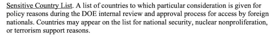 미국 에너지부 산하 정보방첩국이 관리하는 민감국가는 단계별로 구분되는데요,
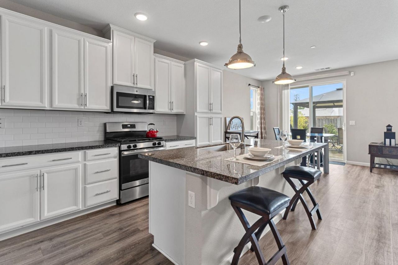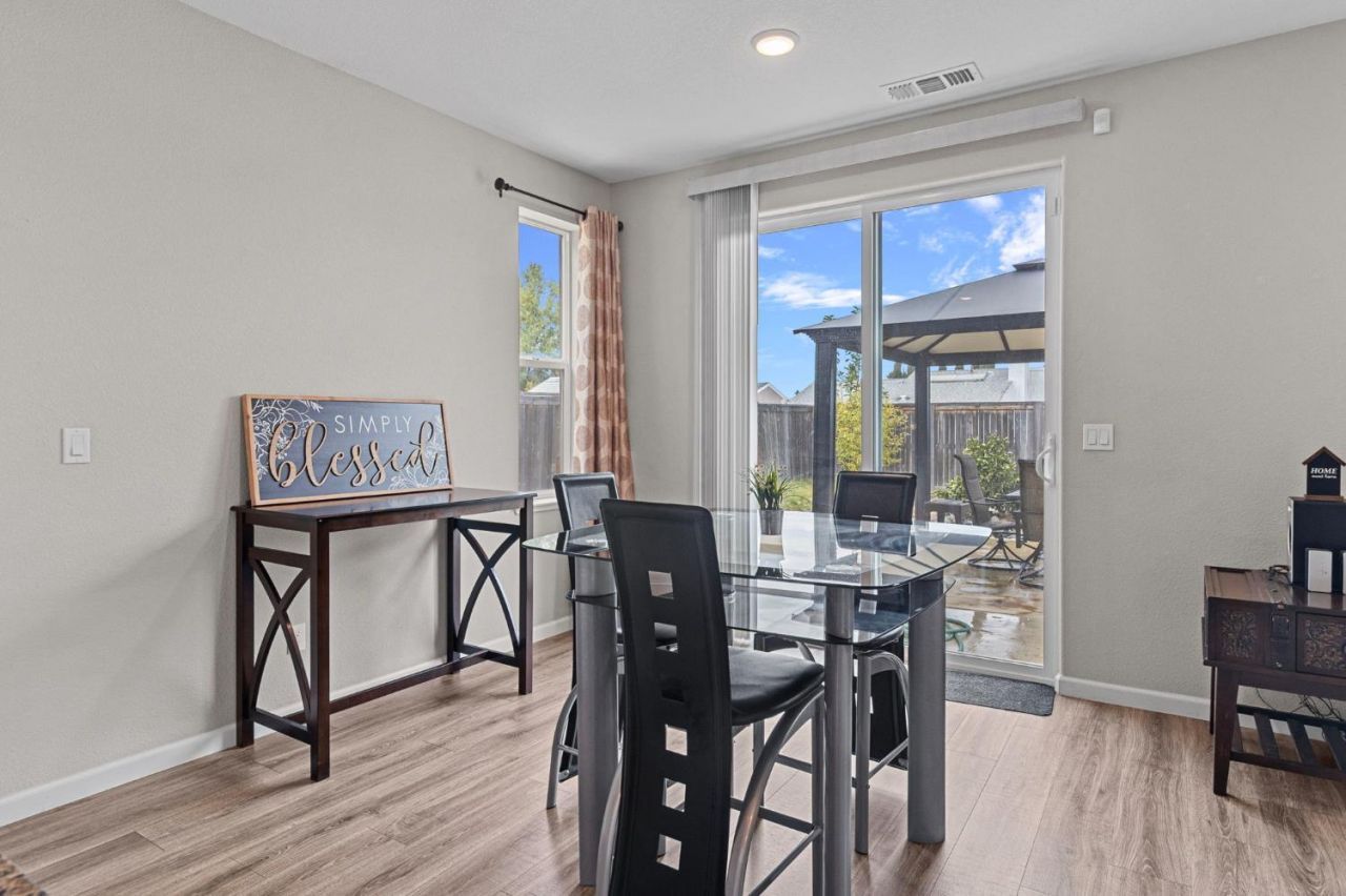 Welcome to 8695 Esperia Way, Sacramento, a beautifully maintained home in the desirable Caselman Ranch community near Elk Grove with NO HOA. Built in 2017, this two story residence offers 4 bedrooms, 3.5 bathrooms, a versatile loft, and approximately 2,190 sq. ft. of well designed living space. The open concept floor plan creates a natural flow between the main living areas, making the home ideal for both daily living and entertaining. The kitchen features white cabinetry, granite countertops, a white tile backsplash, stainless steel appliances, and a center island with sink and pendant lighting, all opening to the spacious great room filled with natural light. Wood look laminate flooring, recessed lighting, and ceiling fans add warmth and comfort throughout the home. A downstairs junior suite with a full bathroom provides a flexible space for guests or extended family. Upstairs, the loft offers additional room for a home office, media area, or play space. The backyard offers a gazebo and outdoor space perfect for relaxing, gardening, or hosting gatherings. A long driveway and two car garage provide convenient parking and storage. Located near Jimmie R. Yee Park, shopping, restaurants, entertainment, and Highway 99, and within the highly regarded Elk Grove Unified School District, this home offers both convenience and lifestyle. Come see it today!
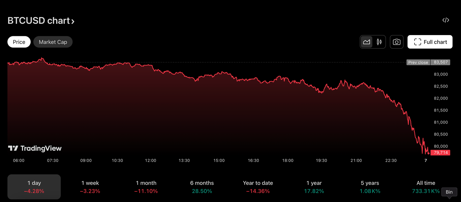 April 6, 2025 — The crypto market took a severe hit late Sunday night, as Bitcoin (BTC) crash below $80,000, currently trading near $79,500, and Ethereum (ETH) fell under $1,700, marking its lowest point since August 2023. The sharp downturn wiped billions from the total market cap, now sitting just below $2.5 trillion, and sent shockwaves across the digital asset space.
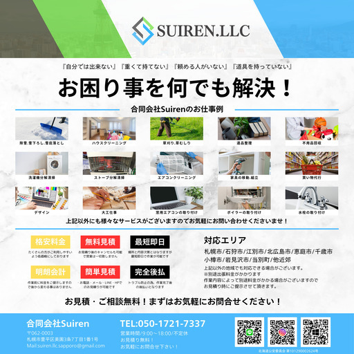 大小関係なくご対応するという事をモットーにやらせて頂いております!★お見積りは無料となります。★最短即日ご対応可能な場合もございます。【作業内容】・窓用エアコン取付けor取り外し※上記以外の事も対応可能となりますのでお問い合わせください。【お困り例】・窓用エアコンの取付けをしてほしい・引っ越すので窓用エアコンの取り外しをしてほしい・冬場なので窓用エアコンの取り外しをしてほしい・中古で買った窓用エアコンの取付けをしてほしい【料金】1台9,900円(税込)【対応エリア】[無料]・札幌市[2,200円]・石狩市 ・北広島市 ・江別市 ・恵庭市[6,600円]・小樽市 ・岩見沢市 ・当別町 ・千歳市 ・他【作業について】・施工前後の写真を撮影させて頂きSNSやHPに掲載させて頂く場合がございます。・夜間早朝も状況に応じて対応可能です。・技術があるスタッフがお伺い致します。【注意事項】・作業前日や当日のキャンセルはキャンセル料金がかかります。・危険作業で、作業員の安全が確保できない場合は、お断りする場合があります。・明確な料金をお伝えするため、必ずお客様の状況を細かくお伝えください。【キャンセル料金】当日…見積り料金の100%前日…見積り料金の50%★☆★☆★☆★☆★☆★☆★☆★☆★☆★☆合同会社Suiren【住所】札幌市豊平区美園3条7丁目1番1【LINE】@413krdyr【営業時間】9:00~18:00 不定休

◆ **What to produce**
Write each line exactly as it appears, from the line that holds "April 6, 2025" through the closing line of the data above, and leave every picture out.

◆ **Response below**
 April 6, 2025 — The crypto market took a severe hit late Sunday night, as Bitcoin (BTC) crash below $80,000, currently trading near $79,500, and Ethereum (ETH) fell under $1,700, marking its lowest point since August 2023. The sharp downturn wiped billions from the total market cap, now sitting just below $2.5 trillion, and sent shockwaves across the digital asset space.
 大小関係なくご対応するという事をモットーにやらせて頂いております!★お見積りは無料となります。★最短即日ご対応可能な場合もございます。【作業内容】・窓用エアコン取付けor取り外し※上記以外の事も対応可能となりますのでお問い合わせください。【お困り例】・窓用エアコンの取付けをしてほしい・引っ越すので窓用エアコンの取り外しをしてほしい・冬場なので窓用エアコンの取り外しをしてほしい・中古で買った窓用エアコンの取付けをしてほしい【料金】1台9,900円(税込)【対応エリア】[無料]・札幌市[2,200円]・石狩市 ・北広島市 ・江別市 ・恵庭市[6,600円]・小樽市 ・岩見沢市 ・当別町 ・千歳市 ・他【作業について】・施工前後の写真を撮影させて頂きSNSやHPに掲載させて頂く場合がございます。・夜間早朝も状況に応じて対応可能です。・技術があるスタッフがお伺い致します。【注意事項】・作業前日や当日のキャンセルはキャンセル料金がかかります。・危険作業で、作業員の安全が確保できない場合は、お断りする場合があります。・明確な料金をお伝えするため、必ずお客様の状況を細かくお伝えください。【キャンセル料金】当日…見積り料金の100%前日…見積り料金の50%★☆★☆★☆★☆★☆★☆★☆★☆★☆★☆合同会社Suiren【住所】札幌市豊平区美園3条7丁目1番1【LINE】@413krdyr【営業時間】9:00~18:00 不定休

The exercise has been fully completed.